In practice, each participant typically obtains and refines a global consensus model by conducting a few rounds of optimisation locally and before sharing updates, either directly or via a parameter server. The more rounds of local training are performed, the less it is guaranteed that the overall procedure is minimising (Eq. 1)9,12. The actual process for aggregating parameters depends on the network topology, as nodes might be segregated into sub-networks due to geographical or legal constraints (see Fig. 2). Aggregation strategies can rely on a single aggregating node (hub and spokes models), or on multiple nodes without any centralisation. An example is peer-to-peer FL, where connections exist between all or a subset of the participants and model updates are shared only between directly connected sites15,56, whereas an example of centralised FL aggregation is given in Algorithm 1. Note that aggregation strategies do not necessarily require information about the full model update; clients might chose to share only a subset of the model parameters for the sake of reducing communication overhead, ensure better privacy preservation10 or to produce multi-task learning algorithms having only part of their parameters learned in a federated manner.

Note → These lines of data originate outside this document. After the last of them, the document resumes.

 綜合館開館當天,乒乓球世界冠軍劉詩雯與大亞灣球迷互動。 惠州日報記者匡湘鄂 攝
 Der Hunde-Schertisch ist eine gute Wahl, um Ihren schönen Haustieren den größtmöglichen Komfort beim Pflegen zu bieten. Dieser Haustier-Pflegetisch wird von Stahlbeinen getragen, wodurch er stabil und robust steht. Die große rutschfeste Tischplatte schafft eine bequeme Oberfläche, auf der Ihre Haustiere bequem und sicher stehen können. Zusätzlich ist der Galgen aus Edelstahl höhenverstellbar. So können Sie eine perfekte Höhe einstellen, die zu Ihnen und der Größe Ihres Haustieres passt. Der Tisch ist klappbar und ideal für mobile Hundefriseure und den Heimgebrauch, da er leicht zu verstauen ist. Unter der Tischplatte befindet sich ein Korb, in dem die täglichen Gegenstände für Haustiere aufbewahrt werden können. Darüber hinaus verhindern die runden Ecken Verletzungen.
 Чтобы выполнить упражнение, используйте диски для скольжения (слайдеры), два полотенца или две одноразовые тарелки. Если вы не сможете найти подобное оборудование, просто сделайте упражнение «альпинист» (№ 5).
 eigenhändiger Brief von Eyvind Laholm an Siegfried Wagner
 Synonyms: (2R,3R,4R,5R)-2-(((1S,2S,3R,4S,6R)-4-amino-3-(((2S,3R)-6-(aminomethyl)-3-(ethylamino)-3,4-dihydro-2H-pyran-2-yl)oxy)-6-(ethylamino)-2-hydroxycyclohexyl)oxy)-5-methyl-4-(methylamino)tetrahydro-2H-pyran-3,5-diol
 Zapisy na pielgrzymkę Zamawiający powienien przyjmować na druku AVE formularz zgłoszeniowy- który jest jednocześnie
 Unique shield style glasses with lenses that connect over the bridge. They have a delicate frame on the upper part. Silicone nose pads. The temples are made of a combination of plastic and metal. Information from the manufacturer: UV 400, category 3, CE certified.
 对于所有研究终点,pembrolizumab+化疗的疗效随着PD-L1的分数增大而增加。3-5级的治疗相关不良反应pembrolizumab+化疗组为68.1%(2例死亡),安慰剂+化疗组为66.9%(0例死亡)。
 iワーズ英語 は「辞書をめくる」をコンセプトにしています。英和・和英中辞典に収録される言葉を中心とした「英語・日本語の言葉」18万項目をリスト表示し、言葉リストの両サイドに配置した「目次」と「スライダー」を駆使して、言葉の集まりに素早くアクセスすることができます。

A unifying framework enabling various training schemes may disentangle compute resources (data and servers) from the compute plan, as depicted in Fig. 2. The latter defines the trajectory of a model across several partners, to be trained and evaluated on specific data sets.

Algorithm 1

Example of a FL algorithm16 via Hub & Spoke (Centralised topology) with FedAvg aggregation9.

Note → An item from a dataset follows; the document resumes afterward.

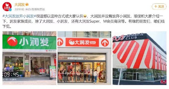 针对“大润发放弃小润发”相关报道,大润发官方回应表示:很遗憾以这种方式被大家认识,大润发并没有放弃小润发,顺便和大家介绍一下,润发家族成员,除了大润发、小润发,还有大润发Super、M会员商店等。有缘的朋友们,咱们线下见。
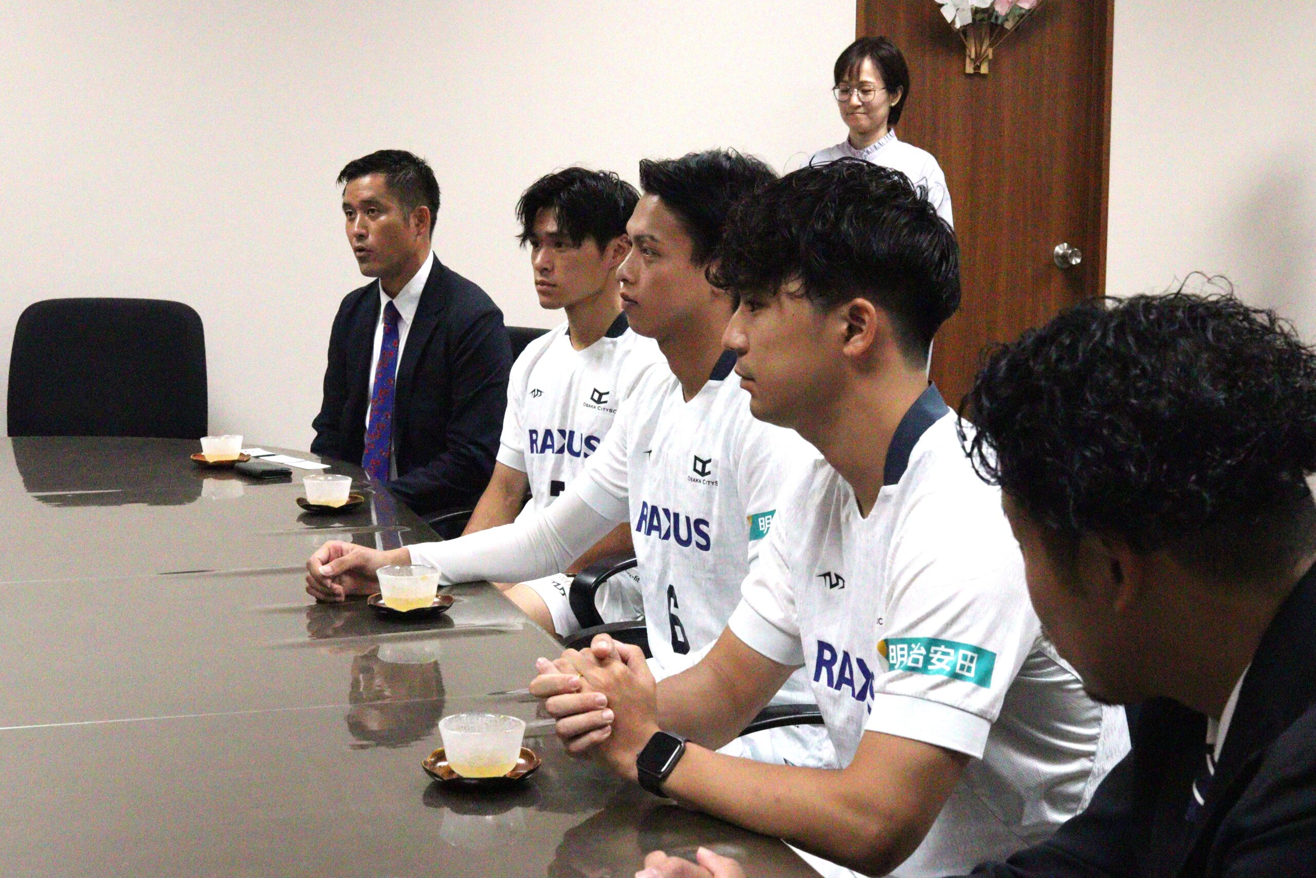 当日は弊社代表の山地泰平をはじめ、監督、選手3名が同席し、クラブの活動状況や今後の目標についてご報告させていただきました。

Require: num_federated_rounds T
1: procedure AGGREGATING
2: Initialise global model: W(0)
3: for t ← 1 T do
4: for client k ← 1 K do  Run in parallel
5: Send W(t−1) to client k
6: Receive model updates and number of local training iterations \((\Delta {W}_{k}^{(t-1)},{N}_{k})\) from client’s local training with \({{\mathcal{L}}}_{k}({X}_{k};{W}^{(t-1)})\)
7: end for
8: \({W}^{(t)}\leftarrow {W}^{(t-1)}+\frac{1}{{\sum }_{k}{N}_{k}}{\sum }_{k}({N}_{k}\cdot {W}_{k}^{(t-1)})\)
9: end for
10: return W(t)
11: end procedure

Challenges and considerations

Despite the advantages of FL, it does not solve all issues that are inherent to learning on medical data. A successful model training still depends on factors like data quality, bias and standardisation2. These issues have to be solved for both federated and non-federated learning efforts via appropriate measures, such as careful study design, common protocols for data acquisition, structured reporting and sophisticated methodologies for discovering bias and hidden stratification. In the following, we touch upon the key aspects of FL that are of particular relevance when applied to digital health and need to be taken into account when establishing FL. For technical details and in-depth discussion, we refer the reader to recent surveys11,12,20.

Data heterogeneity

Medical data is particularly diverse—not only because of the variety of modalities, dimensionality and characteristics in general, but even within a specific protocol due to factors such as acquisition differences, brand of the medical device or local demographics. FL may help address certain sources of bias through potentially increased diversity of data sources, but inhomogeneous data distribution poses a challenge for FL algorithms and strategies, as many are assuming independently and identically distributed (IID) data across the participants. In general, strategies such as FedAvg9 are prone to fail under these conditions9,57,58, in part defeating the very purpose of collaborative learning strategies. Recent results, however, indicate that FL training is still feasible59, even if medical data is not uniformly distributed across the institutions16,17 or includes a local bias51. Research addressing this problem includes, for example, FedProx57, part-data-sharing strategy58 and FL with domain-adaptation18. Another challenge is that data heterogeneity may lead to a situation in which the global optimal solution may not be optimal for an individual local participant. The definition of model training optimality should, therefore, be agreed by all participants before training.

Privacy and security

Healthcare data is highly sensitive and must be protected accordingly, following appropriate confidentiality procedures. Therefore, some of the key considerations are the trade-offs, strategies and remaining risks regarding the privacy-preserving potential of FL.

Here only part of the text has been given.